Princeton professor Robert George recently delivered the Templeton Lecture on Religion and World Affairs at the Foreign Policy Research Institute in Philadelphia. George provided an overview of the state of religious freedom around the world and an explanation of why this matters to U.S. foreign policy.

Religious freedom, he said, is at the core of who we are as human beings; it is “central to human personhood.” He cited studies that show that countries that protect religious liberty tend to be more stable and secure, while nations that restrict or trample on religious freedom tend to be breeding grounds for war, poverty, and terror.

George noted that 75 percent of the world’s people (more than five billion humans) live in countries that significantly restrict religious freedom. He called North Korea and China secular tyrannies that are hostile to religion. Iran, Saudi Arabia, Sudan, and Pakistan are “religious tyrannies.” Russia, he said, was a hybrid of secular and religious tyranny.

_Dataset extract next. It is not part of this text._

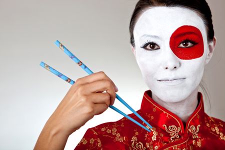 Japanese woman with chopsticks and the flag painted on her face

He compared Islamic radicalism in the Middle East to the secular totalitarians of the 20th century (Nazis and communists). The Islamic State, Al Qaeda, and their offshoots are the “new totalitarians” who are persecuting Christians, Jews, and other religious groups. George noted that the ongoing persecution of Christians in the Middle East may well turn the cradle of Christianity into its graveyard.

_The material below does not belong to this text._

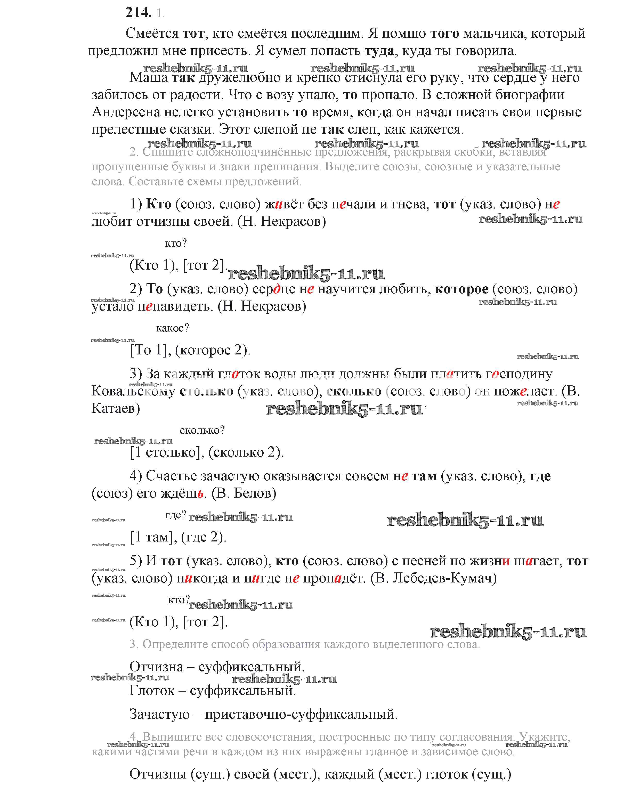 Готовая домашняя работа с ответами по Русскому языку за 9 класс Львова, Львов Учебник Мнемозина 2016 ФГОС - Упражнения 214

George’s proposed solution to this trend would combine diplomatic and economic sanctions against such countries. He noted that under the 1998 International Religious Freedom Act, Congress gave the State Department the authority to designate religious rights violators as “countries of particular concern” and impose diplomatic and economic sanctions against them, but no administration since then has effectively used this weapon to support religious freedom.